Furthermore, the delegation of authority to these agencies cannot be viewed in isolation. The presence or absence of procedural safeguards is important in determining whether a delegation is reasonable. See Elliot, 377 N.W.2d at 253; Elk Run, 160 N.W.2d at 317. As state administrative agencies, their actions are governed by the procedural safeguards of the Iowa Administrative Procedure Act. As noted in Elliott, one such safeguard is the requirement in Iowa Code section 17A.3(1)(b) that each agency adopt rules of practice setting forth the nature and requirements of all formal and informal procedures before it.
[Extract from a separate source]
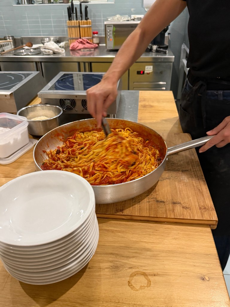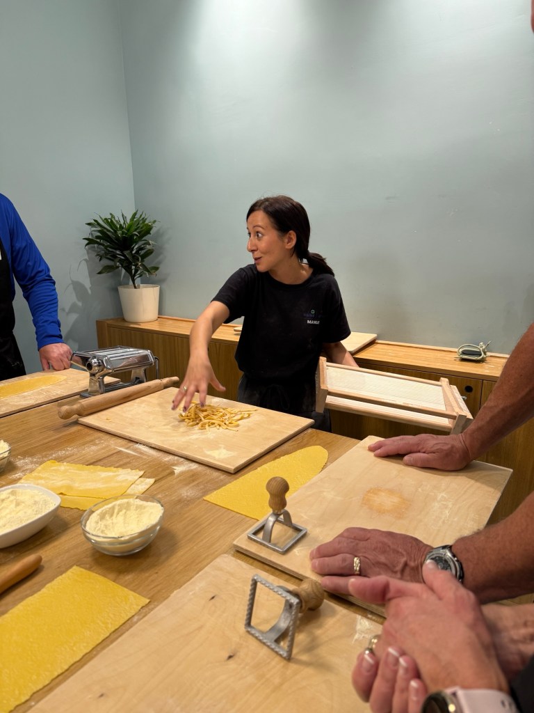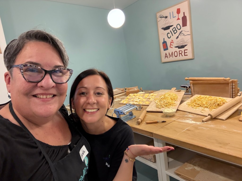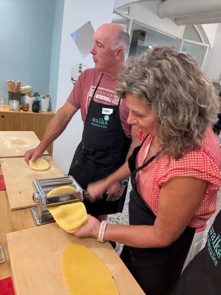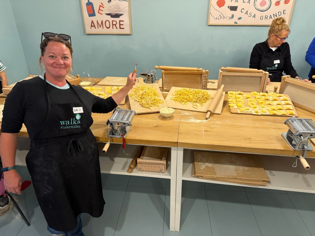 Now we were running out of time so Dave headed off to drop our stuff at the apartment and meet us at the cooking class meeting spot. What a fabulous time was had! We made fettuccine and ravioli and gelato

Giovanazzi makes no claim or showing the agencies have not done so, and in fact does not even identify the legislation she claims unconstitutionally delegates authority to either agency.
We conclude Giovanazzi has not met her burden to overcome the presumption that the legislature's delegations of authority to the Departments of Transportation and Public Safety are accompanied by adequate standards or guidelines which, in conjunction with the procedural safeguards of the Administrative Procedure Act, allow these administrative agencies to accomplish a general purpose and public policy of the legislature without abdicating to them the right to legislate.
Giovanazzi also attempts to argue that no judicial proceeding commenced upon the issuance of the complaint issued by the police officer here. However, the State filed a trial information formally charging Giovanazzi with OWI second in violation of section 321J.2. Such procedure is authorized under Iowa Rule of Criminal Procedure 2.5 for the prosecution of indictable offenses and we find all of the requirements under this rule to have been complied with here. Thus, the formal judicial proceeding against Giovanazzi commenced with the filing of the trial information, and the fact it did not commence upon issuance of the complaint is of no consequence.
For all of the reasons set forth above, we conclude the district court did not err in finding it had subject matter jurisdiction and denying Giovanazzi's motion to dismiss.